The strange thing was, much as I couldn't wrap my head around what it would mean if dear Daddy-O was still around, instead of being dead the way I'd always been told, I had a whole different problem on my hands if it
wasn't
him spending the pirate loot. A problem that had been freaking me out even more than the possible reappearance of Ghost Dad. The problem I was finally making myself face.

I
had
spent lots of money in town that day. The bait money could have come from my hand. Because even though it was the one thing the town Gossip Girls apparently hadn't discovered yet—or at least, it hadn't spread as far as Iz—three people were in on the secret. I knew, and Gram knew, and she'd made sure Deputy Anderson knew too: The money I'd spent hadn't come with me from California.
My
money was still sitting in my bedroom. No, the money I'd spent in town had come from a person who had been in Cow Dung the whole time, before the robbery happened and ever since then, too. The money I'd spent had come from Gram.

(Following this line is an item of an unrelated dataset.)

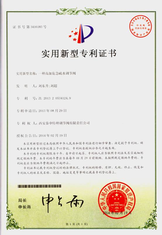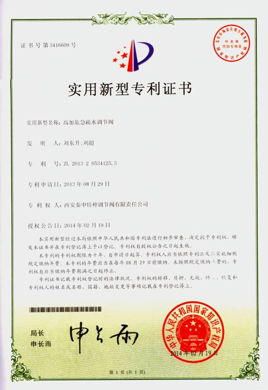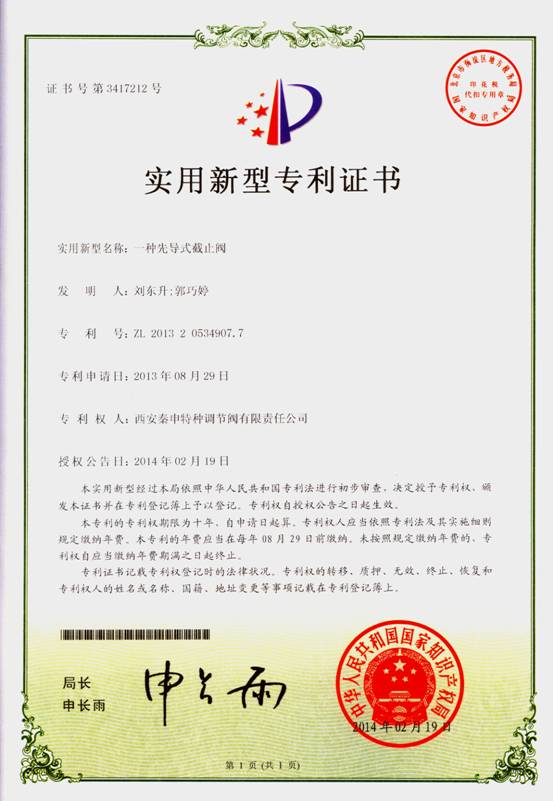 同(tong)時,公司注重(zhòng)對自主知識(shí)産權的保護(hù),截至目前,我(wo)公司有實用(yong)新型專利證(zhèng)書11項,發明專(zhuān)利1項。産品專(zhuān)利的持續獲(huò)得,标志着🈲公(gong)司科技實力(lì)和核心競争(zheng)力在穩步提(ti)升,有利于公(gong)司形成持續(xù)創新機制,充(chong)分發揮公司(si)在行業内的(de)技術領先優(you)勢,進一步确(què)立“秦申”品牌(pai)在國内調節(jiē)閥市場的地(di)位。

So I wasn't thinking just about a daddy come back from the dead or how good it felt to talk to someone outside my own head or that word
partners
. Instead I was asking myself a question: If it was true that my father was Clyde, could it also possibly be true that my grandmother was Bonnie?

CHAPTER 10

“What do you think?” asked Iz.

I jumped a little when she spoke, and for just a minute there I wondered if I'd gone so long without anyone to talk to that I'd actually asked Iz my question about Gram. But I could barely say it to myself; I knew there was no way I'd said it out loud.

I hit the rewind button to figure out what Iz's last question had been. I was used to doing that; my brain is always bouncing around to different things when I'm supposed to be paying attention. It drives my teachers crazy, so I'd learned how to backtrack to the last question mark for those times I need to pull something out of my butt and save myself.

“I don't want to talk about my father anymore,” I said, thinking my way back to Iz's original question about whether my dad might still be alive. “And I don't want to talk about my grandma or Kenny or Kenny's sister or the deputy or Mr. Svengrud or the bait money.” Iz opened her mouth to say something but I kept right on going. “I'll talk about them all again tomorrow. But right now, uh-uh.”

It felt good—really good—talking to Iz about everything. But I wanted to think through this Gram thing some more before I called the FBI hot line, and if that meant our conversation was over for now, that was how it had to be.

Iz pulled her knees up and wrapped her arms around them. “Okay. What do you want to talk about, then?”

My mind went as blank as a flat screen when the cable goes out. It was like Ma always says: I didn't think things all the way through. It just hadn't occurred to me that Iz would stick around once I'd told her I didn't want to talk about the money anymore—I mean, that was why she was hanging out with me, right? No way I was going to be able to come up with something else interesting to say. With the whole school switch-over, I had somehow become a complete dimwad at boy-meets-girl stuff. And Iz had made it clear there were land mines planted everywhere if I asked her the wrong question about herself. What did that leave us to talk about? Toxic chemical spills? The economic meltdown?

Finally, out of desperation, I said, “Uh . . . we could play ‘I'd rather.'”

“‘I'd rather' what?” she asked.

“Just ‘I'd rather,'” I said. “It's this game we used to play at my old school. My language arts teacher, Mrs. Z., she had us play it every Monday. She'd ask an ‘I'd rather' question, something that's personal but not personal-personal, and then everybody in class had to write an essay explaining why they chose the answer they did. And if she picked your answer as the best one, you won a prize. It was . . . fun,” I said weakly.

Any minute I was sure the stars were going to jump out of their constellations and spell out the word
dweeb
across the sky. I mean, there I was, alone with this hot girl, and I decided the thing we should do was play language-arts games? That was, like, all-star dweeb, man. World-heavyweight dweeb. Take-your-mother-to-prom dweeb.